The directory structure within hourly and daily is identical. Each contains one or more top-level vN subdirectories to delineate different versions of Chronicle’s internal data schema for each metric. Individual metrics are stored under the appropriate version directory. Within each metric directory, data is organized by the date/time of when it was gathered. As noted above, the curated directory structure is slightly different, with separate subdirectories for Connect and Workbench metrics.

The following is a partial example of the directory structure. Note that curated and daily data is stored for each day, while hourly data is stored for each hour.

├── curated
│   └── v2
│       ├── connect
│       |   └── user_list
│       |       └── 2024
│       |           └── 12
│       |               ├── 01
│       |               │   └── chronicle-data-aggregate.parquet
│       |               ├── 02
│       |               │   └── chronicle-data-aggregate.parquet
│       |               └── ...
│       └── workbench
│           └── user_list
│               └── 2024
│                   └── 12
│                       ├── 01
│                       │   └── chronicle-data-aggregate.parquet
│                       └── 02
│                           └── chronicle-data-aggregate.parquet
├── daily
│   └── v2
│       ├── connect_build_info
│       │   └── 2024
│       │       └── 12
│       │           ├── 01
│       │           │   └── chronicle-data-aggregate.parquet
│       │           ├── 02
│       │           │   └── chronicle-data-aggregate.parquet
│       │           └── ...
│       └── connect_license_active_users
│           └── 2024
│               └── 12
│                   ├── 01
│                   │   └── chronicle-data-aggregate.parquet
│                   ├── 02
│                   │   └── chronicle-data-aggregate.parquet
│                   └── ...
└── hourly
    └── <server-id>
        └── v2
            ├── connect_build_info
            │   └── 2024
            │       └── 12
            │           ├── 01
            │           │   ├── 00
            │           │   │   └── chronicle-data-chunk-<timestamp>.csv
            │           │   ├── 01
            │           │   │   └── chronicle-data-chunk-<timestamp>.csv
            │           │   ├── ...
            │           │   └── 23
            │           │       └── chronicle-data-chunk-<timestamp>.csv
            │           └── 02
            │               ├── 00
            │               │   └── chronicle-data-chunk-<timestamp>.csv
            │               ├── 01
            │               │   └── chronicle-data-chunk-<timestamp>.csv
            │               ├── ...
            │               └── 23
            │                   └── chronicle-data-chunk-<timestamp>.csv
            └── connect_license_active_users
               └── 2024
                   └── 12
                       ├── 01
                           └── ...

Reading Parquet data

There are examples of reading Chronicle data in the Curated data section of this documentation.
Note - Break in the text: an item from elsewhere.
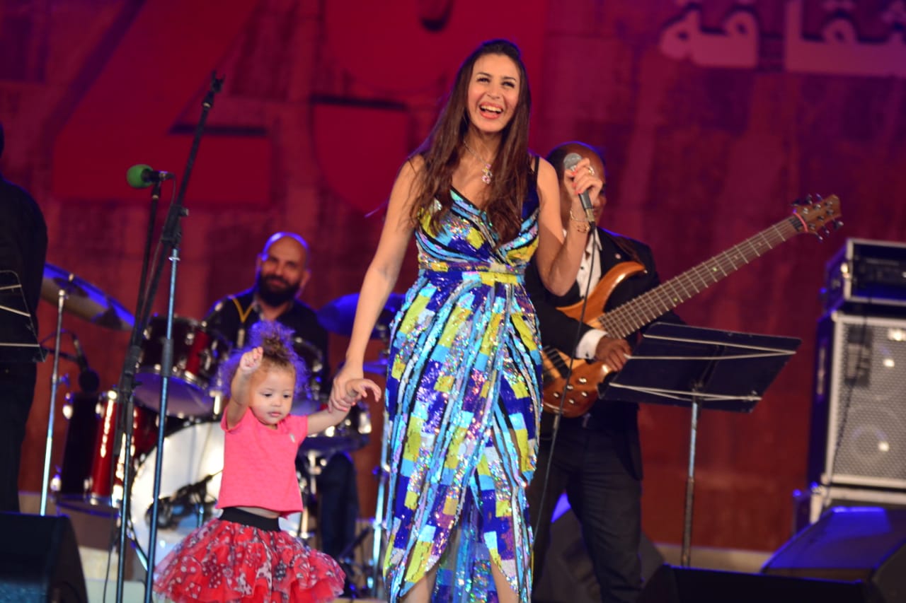وصعدت إبنة النجمة جنات على خشبة مسرح محكى القلعة في الحفل الذي تحييه والدتها على هامش مهرجان القلعة وسط هتاف كبير من الجمهور وقالت جنات: “بنتي عاوزة تسلم عليكم”.

There are also examples in the source code of the reports that are included with Chronicle, which can be found in the chronicle-reports repository.

While Parquet files are similar in concept to csv files, they are optimized for better read and write performance and therefore unreadable by most text editors without the help of plugins.

Both the RStudio IDE and Positron support viewing Parquet files without additional extensions.

If you are using VS Code, our team recommends the Parquet Explorer plugin to read and query Parquet files directly in your editor.

Another common trick is to convert .parquet files into .csv files for easier viewing, using Python and the pandas library:

Python

import pandas as pd
df = pd.read_parquet('filename.parquet')
df.to_csv('filename.csv')

Chronicle Metrics

The Metrics appendix includes details on the data that Chronicle gathers and stores.